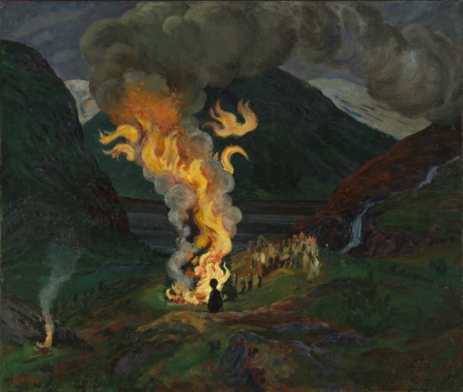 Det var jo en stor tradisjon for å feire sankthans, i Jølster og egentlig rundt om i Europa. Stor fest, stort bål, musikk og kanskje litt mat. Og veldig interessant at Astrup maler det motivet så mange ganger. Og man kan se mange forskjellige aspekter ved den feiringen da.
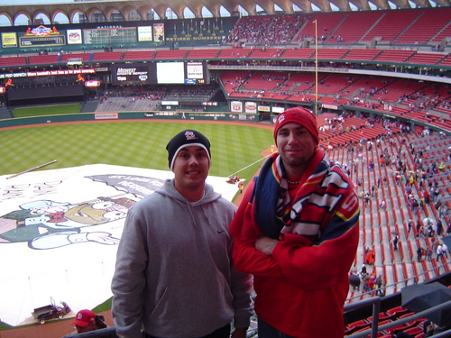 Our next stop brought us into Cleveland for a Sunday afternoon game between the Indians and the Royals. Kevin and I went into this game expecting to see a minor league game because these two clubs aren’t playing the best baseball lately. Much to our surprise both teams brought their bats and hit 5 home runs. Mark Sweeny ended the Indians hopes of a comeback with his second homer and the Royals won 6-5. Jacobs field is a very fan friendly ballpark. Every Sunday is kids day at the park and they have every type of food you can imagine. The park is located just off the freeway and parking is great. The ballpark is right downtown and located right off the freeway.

━━━━━━━━━━━━━━━━━━━━

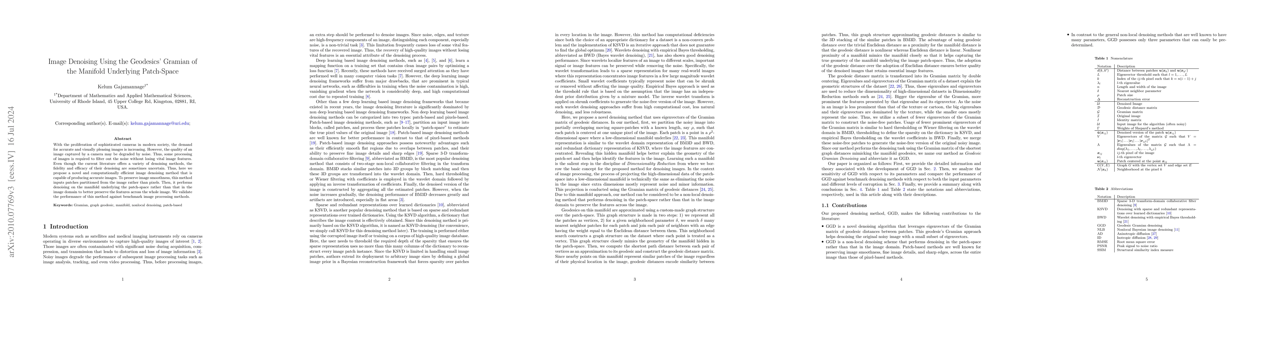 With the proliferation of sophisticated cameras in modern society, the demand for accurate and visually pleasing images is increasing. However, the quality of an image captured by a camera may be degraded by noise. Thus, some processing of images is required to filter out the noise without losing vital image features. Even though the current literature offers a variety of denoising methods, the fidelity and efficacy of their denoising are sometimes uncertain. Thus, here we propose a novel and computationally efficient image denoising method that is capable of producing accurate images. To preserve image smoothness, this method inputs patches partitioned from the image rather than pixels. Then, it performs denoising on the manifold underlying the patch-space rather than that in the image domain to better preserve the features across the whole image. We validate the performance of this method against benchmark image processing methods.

━━━━━━━━━━━━━━━━━━━━

* **Task statement**: Range to copy from the records above: the line containing "Det var jo en" to the line containing "Our next stop", both included. Output those lines exactly and only those, skipping pictures.

* **Answer for the task**:
 Det var jo en stor tradisjon for å feire sankthans, i Jølster og egentlig rundt om i Europa. Stor fest, stort bål, musikk og kanskje litt mat. Og veldig interessant at Astrup maler det motivet så mange ganger. Og man kan se mange forskjellige aspekter ved den feiringen da.
 Our next stop brought us into Cleveland for a Sunday afternoon game between the Indians and the Royals. Kevin and I went into this game expecting to see a minor league game because these two clubs aren’t playing the best baseball lately. Much to our surprise both teams brought their bats and hit 5 home runs. Mark Sweeny ended the Indians hopes of a comeback with his second homer and the Royals won 6-5. Jacobs field is a very fan friendly ballpark. Every Sunday is kids day at the park and they have every type of food you can imagine. The park is located just off the freeway and parking is great. The ballpark is right downtown and located right off the freeway.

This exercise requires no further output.